Redis-inference-optimization currently supports PyTorch (libtorch), Tensorflow (libtensorflow), TensorFlow Lite, and ONNXRuntime as backends. This section shows the version map between redis-inference-optimization and supported backends. This extremely important since the serialization mechanism of one version might not match with another. For making sure your model will work with a given redis-inference-optimization version, check with the backend documentation about incompatible features between the version of your backend and the version redis-inference-optimization is built with.

| redis-inference-optimization | PyTorch | TensorFlow | TFLite | ONNXRuntime |
|:--------|:--------:|:----------:|:------:|:-----------:|
| 1.0.3 | 1.5.0 | 1.15.0 | 2.0.0 | 1.2.0 |
| 1.2.7 | 1.11.0 | 2.8.0 | 2.0.0 | 1.11.1 |
| master | 1.11.0 | 2.8.0 | 2.0.0 | 1.11.1 |

Note: Keras and TensorFlow 2.x are supported through graph freezing.

## Loading the Module
To load the module upon starting the Redis server, simply use the `--loadmodule` command line switch, the `loadmodule` configuration directive or the [Redis `MODULE LOAD` command](https://redis.io/commands/module-load) with the path to module's library.
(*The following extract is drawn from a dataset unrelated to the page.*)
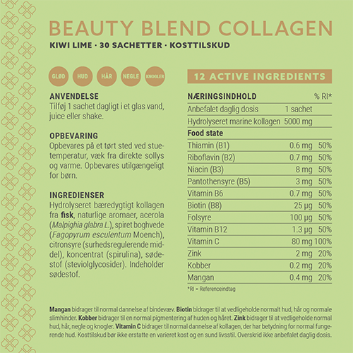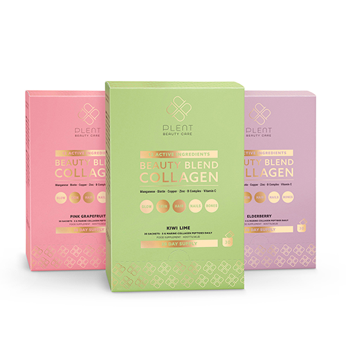 PLENT Beauty Blend Collagen er klinisk dokumenteret kosttilskud der reducerer synligheden af rynker og øger både hudens fasthed og fugtighed. Alle varianterne er tilsat 12 aktive vitaminer og mineraler.
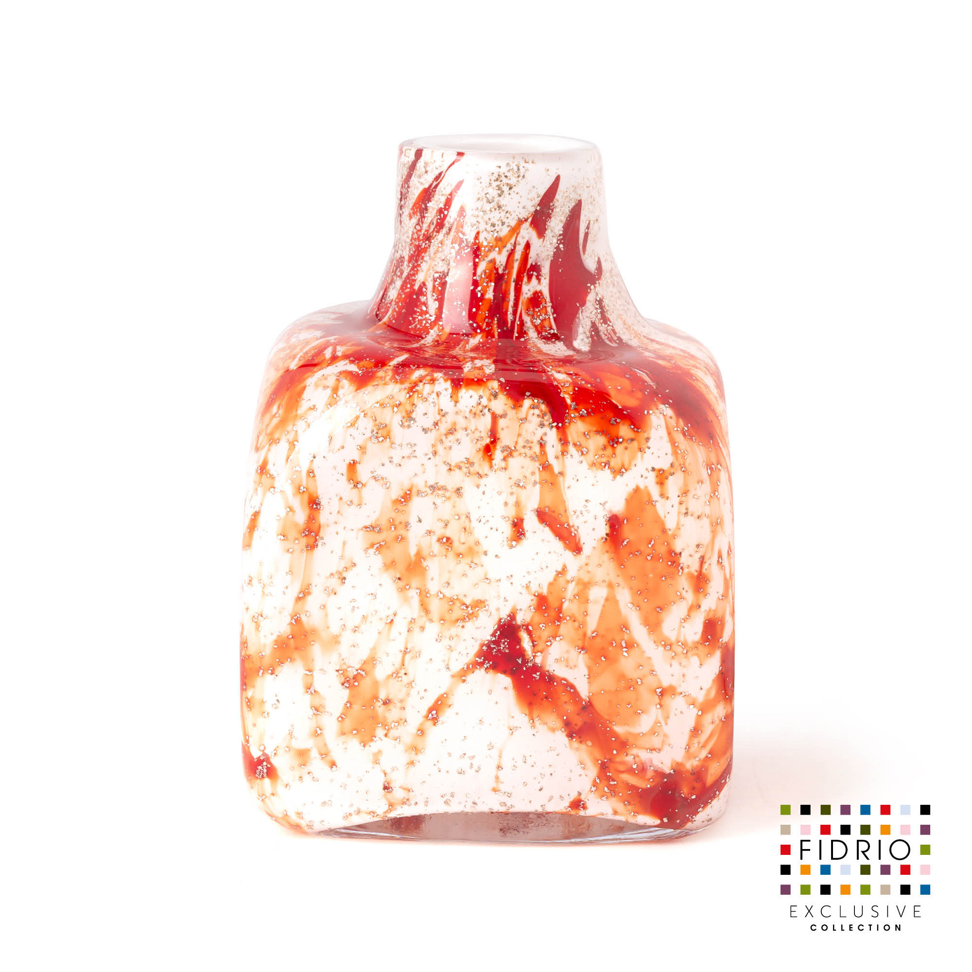 All Fidrio glass vases are made manually in the traditional, artisanal way. The workable super hot glass is blown into a wooden mold, where the mold serves as the basic shape, but the color shades and therefore the appearance will be different for each vase. The specified sizes are always approximately sizes.

For example, to load the module from the project's path with a server command line switch use the following:

```sh
redis-server --loadmodule ./install-cpu/redis-inference-optimization.so
```

### Give it a try

Once loaded, you can interact with redis-inference-optimization using redis-cli.

### Client libraries
Some languages already have client libraries that provide support for redis-inference-optimization's commands. The following table lists the known ones:

| Project | Language | License | Author | URL |
| ------- | -------- | ------- | ------ | --- |
| JredisAI | Java | BSD-3 | [RedisLabs](https://redislabs.com/) | [Github](https://github.com/redis-inference-optimization/JRedisAI) |
| redisAI-py | Python | BSD-3 | [RedisLabs](https://redislabs.com/) | [Github](https://github.com/redisAI/redisAI-py) |
| redisAI-go | Go | BSD-3 | [RedisLabs](https://redislabs.com/) | [Github](https://github.com/RedisAI/redisAI-go) |
| redisAI-js | Typescript/Javascript | BSD-3 | [RedisLabs](https://redislabs.com/) | [Github](https://github.com/redisAI/redisAI-js) |
| redis-modules-sdk | TypeScript | BSD-3-Clause | [Dani Tseitlin](https://github.com/danitseitlin) | [Github](https://github.com/danitseitlin/redis-modules-sdk) |
| redis-modules-java | Java | Apache-2.0 | [dengliming](https://github.com/dengliming) | [Github](https://github.com/dengliming/redis-modules-java) |
| smartredis | C++ | BSD-2-Clause | [Cray Labs](https://github.com/CrayLabs) | [Github](https://github.com/CrayLabs/SmartRedis) |
| smartredis | C | BSD-2-Clause | [Cray Labs](https://github.com/CrayLabs) | [Github](https://github.com/CrayLabs/SmartRedis) |
| smartredis | Fortran | BSD-2-Clause | [Cray Labs](https://github.com/CrayLabs) | [Github](https://github.com/CrayLabs/SmartRedis) |
| smartredis | Python | BSD-2-Clause | [Cray Labs](https://github.com/CrayLabs) | [Github](https://github.com/CrayLabs/SmartRedis) |

## License
Redis-inference-optimization is licensed under your choice of the Redis Source Available License 2.0 (RSALv2) or the Server Side Public License v1 (SSPLv1).